Optionally federates across multiple rotad instances: one node renews, peers pick up the cert from a shared SurrealDB and install locally.

Who this is for

Operators who run their own webservers, mail servers, dashboards, hobby boxes, homelabs. People who want renewal automation without surrendering DNS or HTTPS termination to a managed proxy. Anyone who'd rather drop a single Rust binary on a box than wrangle a Python toolchain just to keep certs fresh.

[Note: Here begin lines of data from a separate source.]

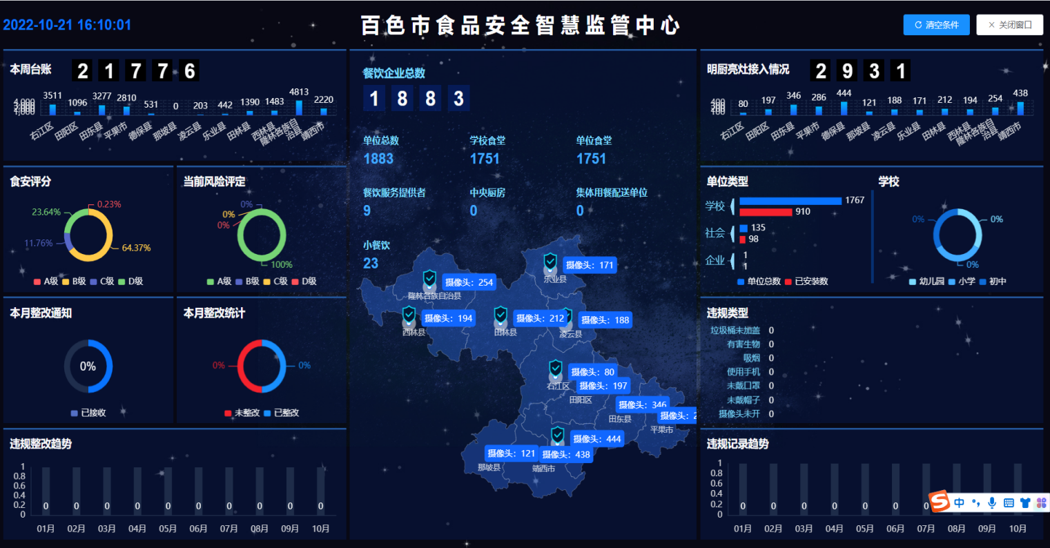 2022年6月,百色市人民政府印發(fā)《百色市學校食堂“互聯(lián)網(wǎng)+明廚亮灶”建設工作方案》,百色市建設了食品安全智能服務平臺,并于2022年7月正式啟用?,F(xiàn)已完成全市學校食堂以及集體配餐單位“互聯(lián)網(wǎng)+明廚亮灶”100%全覆蓋建設。
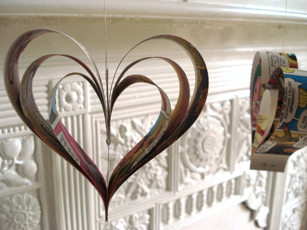 Heart Decorations Made From Comic Books Vintage Recycled Etsy
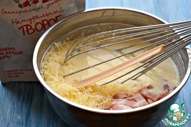 Добавить нарезанный небольшими кусочками бекон и натертый на мелкой терке сыр. (50 г) Перемешать.
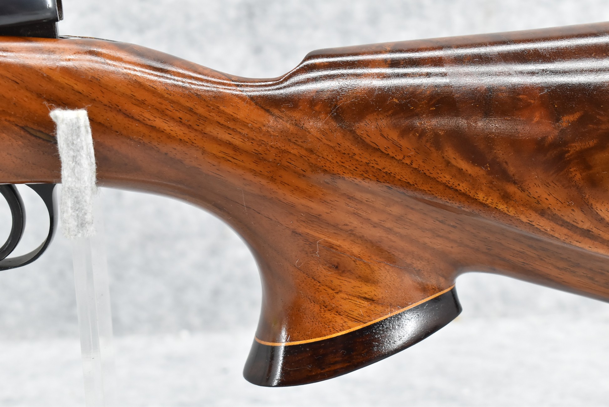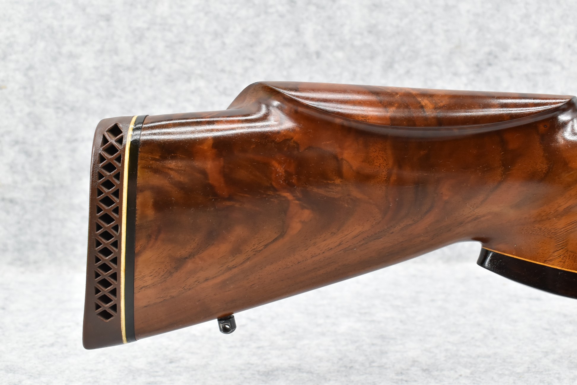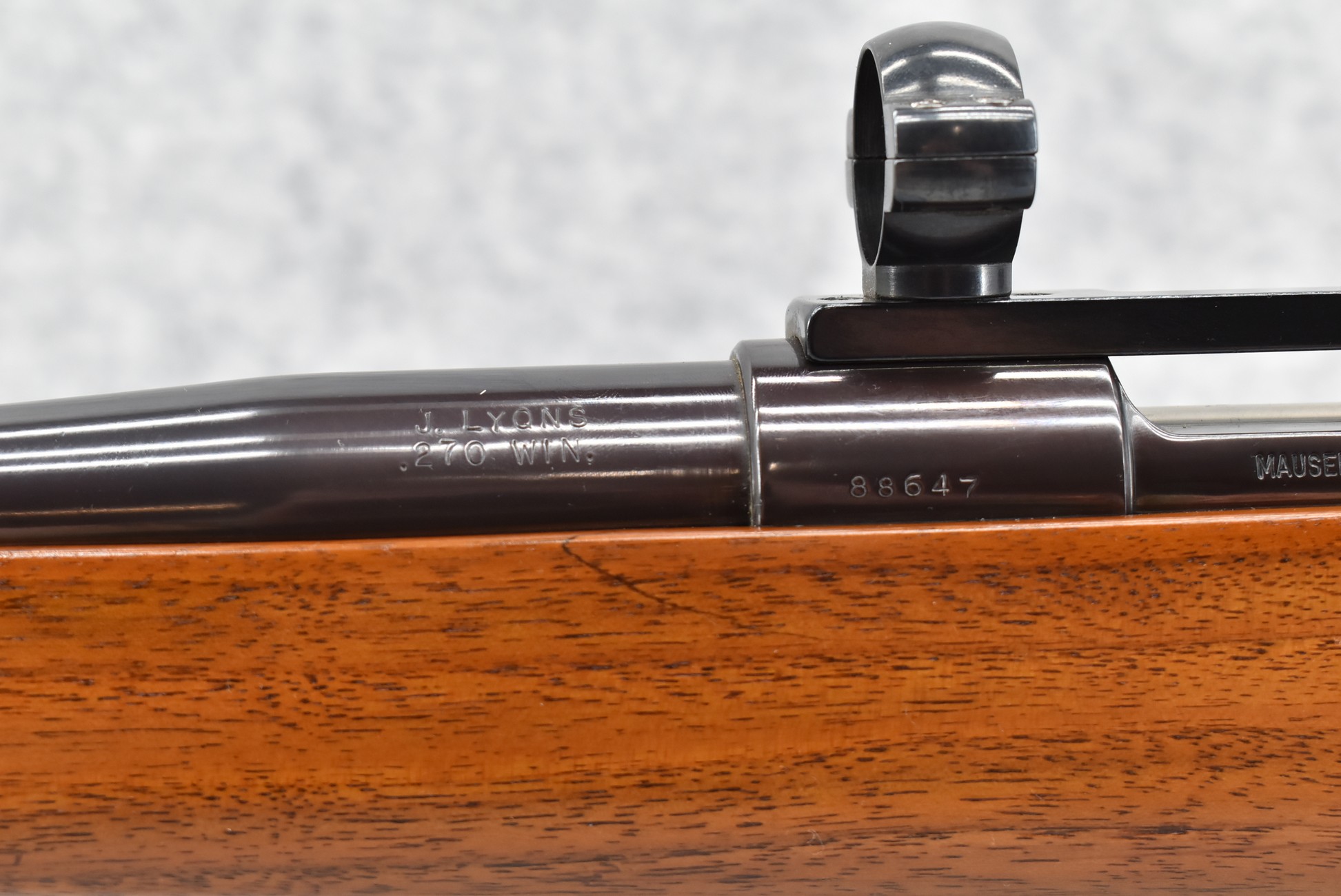 337R. Mauser – Mod. 3000 – 270 Win. Cal. Bolt Action Rifle – w/25” Custom J. Lyons Barrel – Blued Finish – w/Custom Rosewood Pistol Grip Capped & Forend Capped Monte Carlo Wood Stocks w/Pachmayr Recoil Pad – w/Engraved Stag Floor Plate – w/1pc. Scope Base & Rings
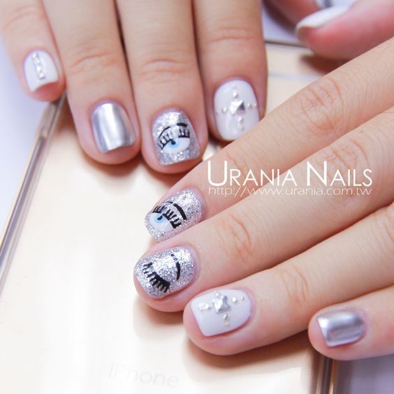 Nếu bạn muốn đôi bàn tay mình trở nên lấp la lấp lánh hãy thử ngay kiểu nail kim tuyến và họa tiết con mắt huyền bí này, chắc chắn sẽ không làm bạn thất vọng.
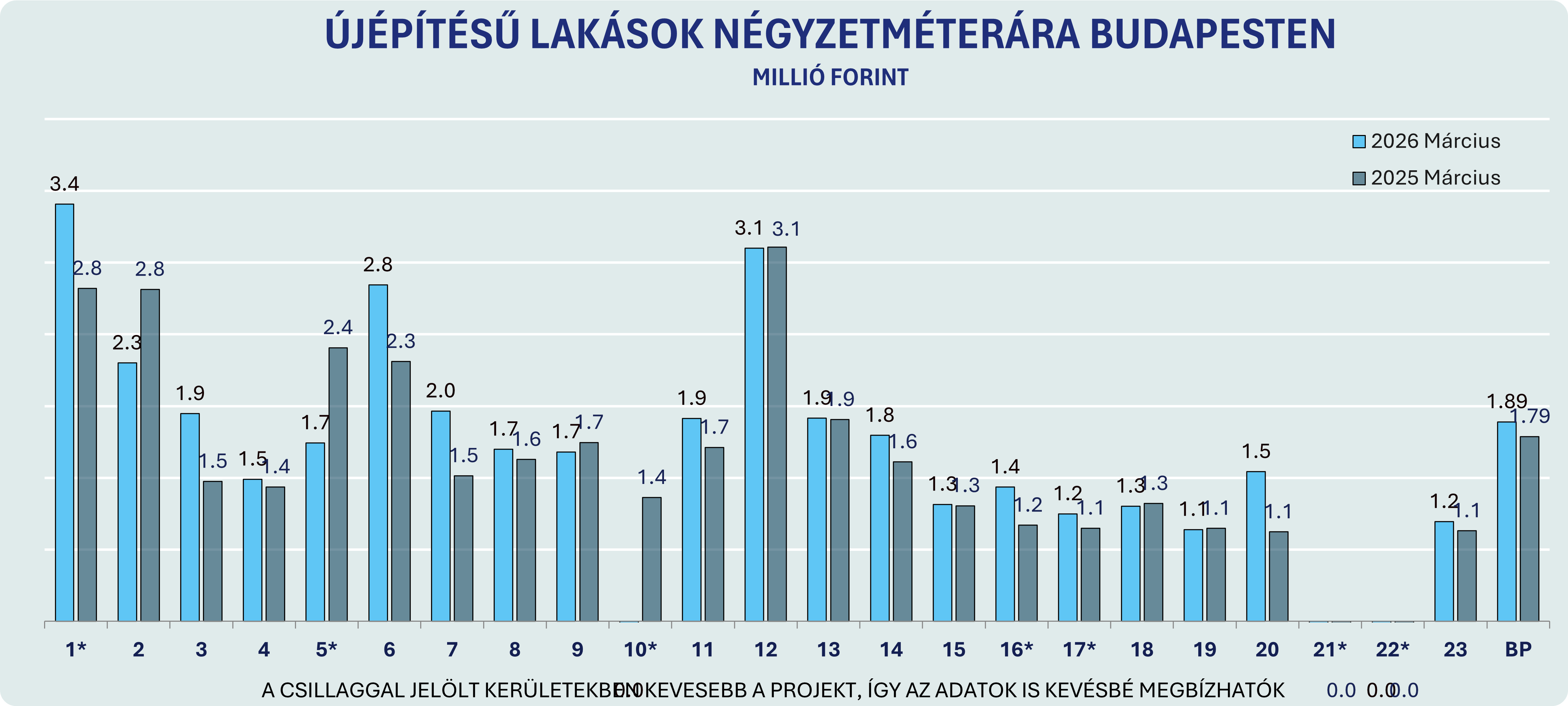 Az ilyen kerületi kilengéseket ugyanakkor mindig óvatosan érdemes értelmezni: az újépítésű piac sajátossága, hogy egy-egy nagyobb projekt megjelenése vagy eltűnése jelentősen elmozdíthatja az adott kerület átlagárát. A csillaggal jelölt kerületekben ráadásul kifejezetten kevés projekt szerepel az adatbázisban, ezért ezeknél az árak is nagyobb kilengést mutathatnak.

If you're already happy with certbot, this isn't a replacement. It's a different tradeoff for the operator who wants pluggable backends and built-in operational surface (audit log, dashboard, alerts, metrics, federation) in one process.

License

Apache 2.0.

Getting started

Stand up a single-node rota that renews one cert against Let's Encrypt via DNS-01, with the cert installed to the local filesystem.

Install

cargo install rota

That builds two binaries: rotad (the daemon) and rota (the CLI client that talks to the daemon over a UNIX socket).

Minimal config

Drop this at /etc/rota/rota.yaml:

daemon:
  database_path: /var/lib/rota/rota.db
  listen_addr: 127.0.0.1:7878
  socket_path: /var/run/rota.sock
  check_interval_seconds: 3600
  renew_threshold_days: 30

acme:
  directory_url: https://acme-v02.api.letsencrypt.org/directory
  contact_email: ops@example.com
  account_credentials_file: /etc/rota/secrets/acme-account.json

cloudflare:
  api_token_file: /etc/rota/secrets/cloudflare.token

certs:
  - id: example-public
    description: example.com marketing site
    domains: [example.com, www.example.com]
    key_path: /var/lib/rota/keys/example.com.key
    ca:
      kind: acme
    dcv:
      kind: cloudflare
    install:
      kind: filesystem
      directory: /etc/ssl/example

Three things to provision before starting rotad:

  1. Cloudflare API token at /etc/rota/secrets/cloudflare.token. Scope: Zone.DNS:Edit on every zone rota will publish DCV records in. rota only supports tokens, not the legacy Global API Key.
  2. ACME account credentials file. The first run creates this automatically; just make sure the parent directory is writable.
  3. Private key directory (/var/lib/rota/keys/) with 0700 mode. The first run also generates the per-cert key automatically. rota reuses the same key on every renewal so cert-pinning operators don't break.

First run

rotad --config /etc/rota/rota.yaml

The daemon opens the audit DB (SQLite by default), connects to the configured CAs, registrars / DCV solvers, and install backends, then sweeps every cert on the configured check_interval_seconds. The first sweep happens after one full interval, not immediately, so the daemon doesn't hammer the CA on startup. Any cert whose installed copy is closer to notAfter than renew_threshold_days gets renewed.

Talking to the daemon

rota status

Prints a one-line summary per cert: id, domains, days until expiry, last renewal status. The same data is on the dashboard at http://127.0.0.1:7878/.

rota renew example-public

Force a renewal regardless of expiry. Useful when you've just rotated DNS and want to confirm the pipeline end to end.

rota log example-public

Print the most recent renewal's audit trail (CSR generated, CA submitted, DCV published, cert issued, cert installed, DCV removed).

Where to go next

Architecture overview

rota is one Rust binary running as a daemon, with two thin clients sharing its state.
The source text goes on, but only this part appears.